* [Problem details]
Since the pictures are not wanted, retype the listing below exactly and without them.

*** Supplied material Section Begins ***

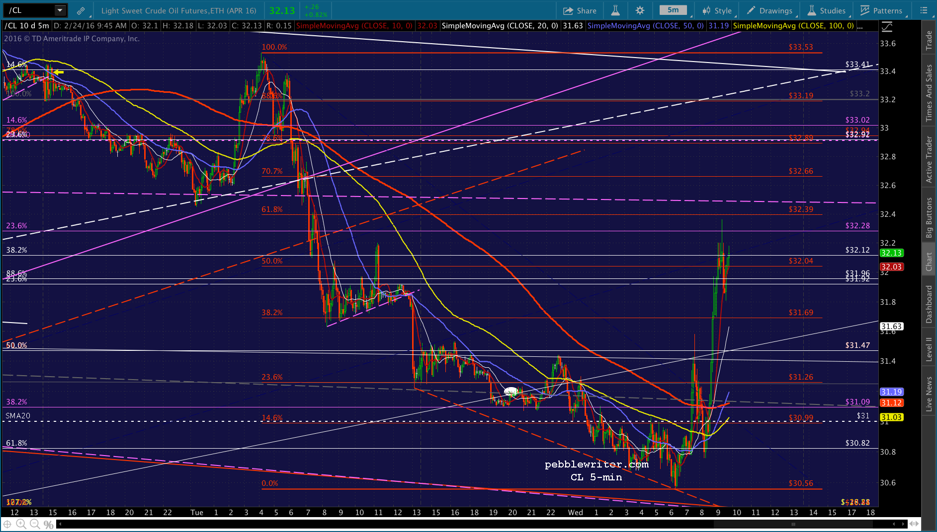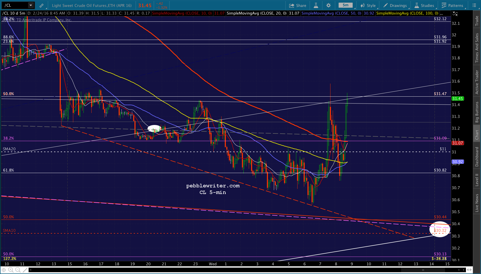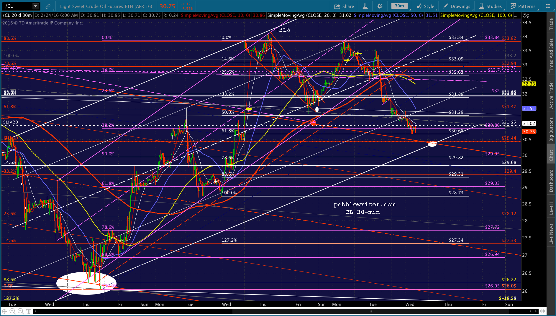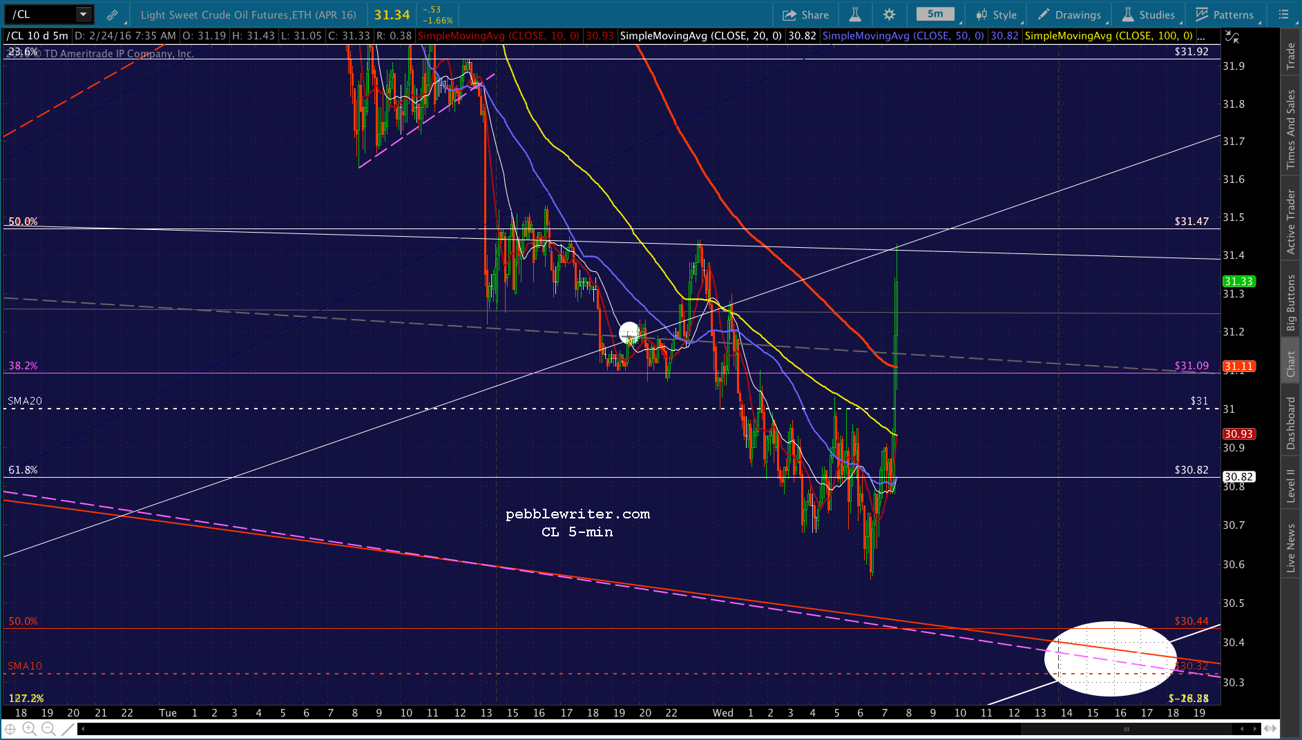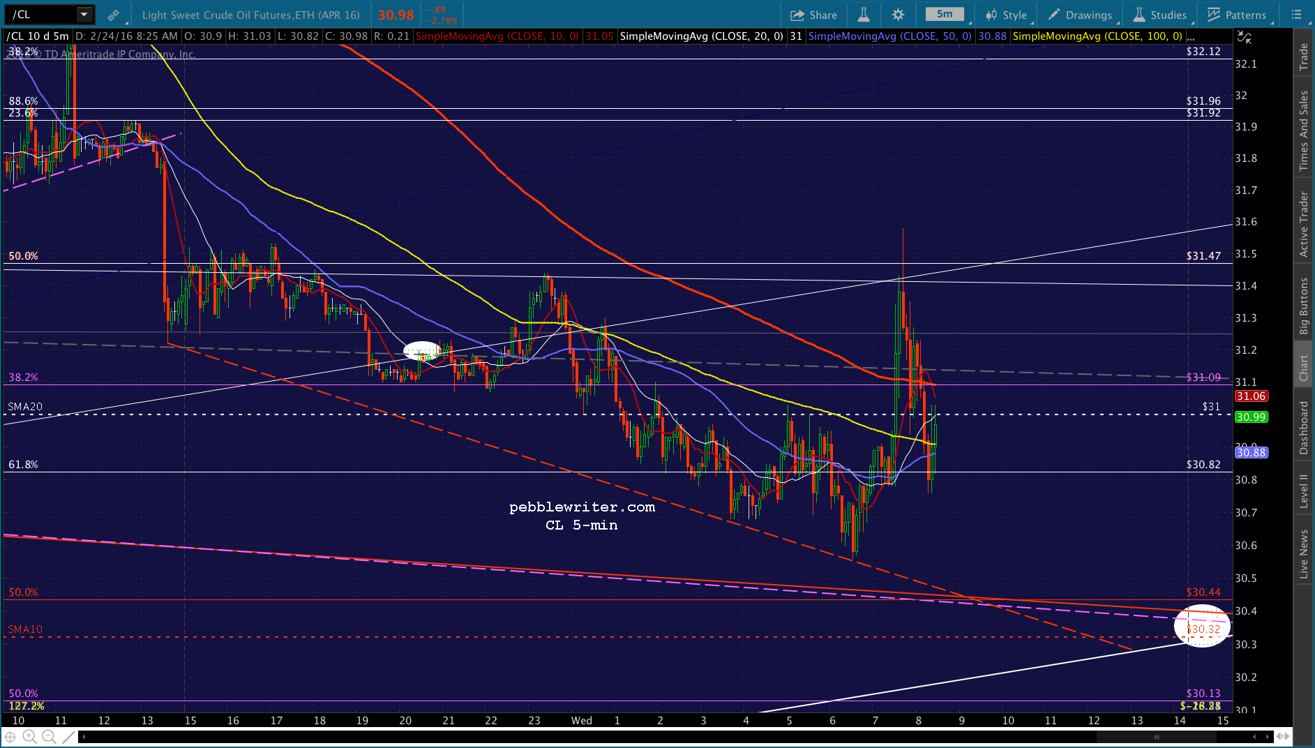 The real question, though, is CL — which has just about reached its red .618 retrace of the drop from yesterday morning.
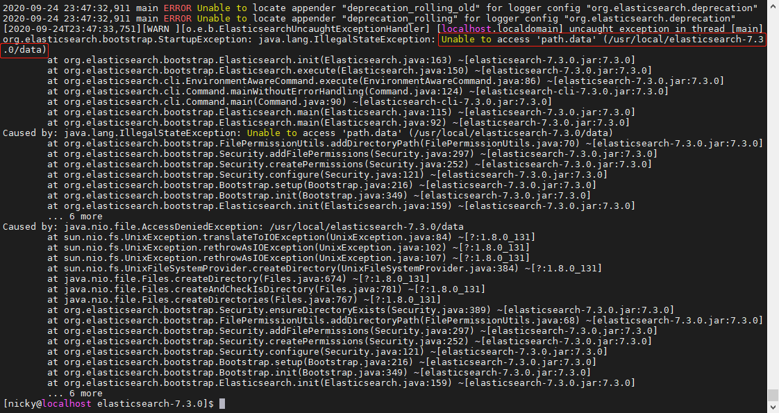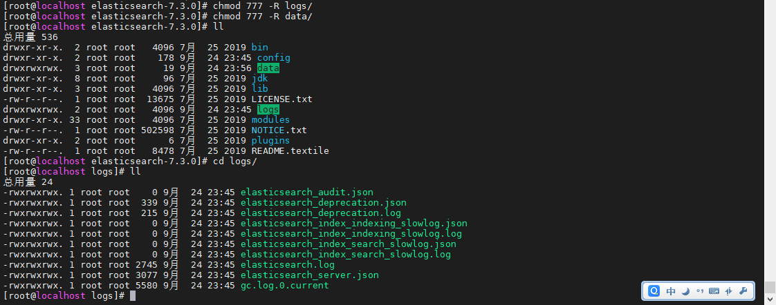 elasticsearch需在data目录和logs目录中存放与修改数据文件,因此在安装目录下创建data目录,再赋予data目录和logs目录及其子文件的读写权限
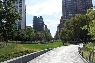 - ^ a b Donohue, Pete (October 12, 2000). "Green park sprouts on W. Side: Chelsea's portal to waterfront". New York Daily News. Newspapers.com. Archived from the original on August 30, 2023. Retrieved November 25, 2018.

*** Supplied material Section Ends ***

* [Answer for this exercise]
 The real question, though, is CL — which has just about reached its red .618 retrace of the drop from yesterday morning.
 elasticsearch需在data目录和logs目录中存放与修改数据文件,因此在安装目录下创建data目录,再赋予data目录和logs目录及其子文件的读写权限
 - ^ a b Donohue, Pete (October 12, 2000). "Green park sprouts on W. Side: Chelsea's portal to waterfront". New York Daily News. Newspapers.com. Archived from the original on August 30, 2023. Retrieved November 25, 2018.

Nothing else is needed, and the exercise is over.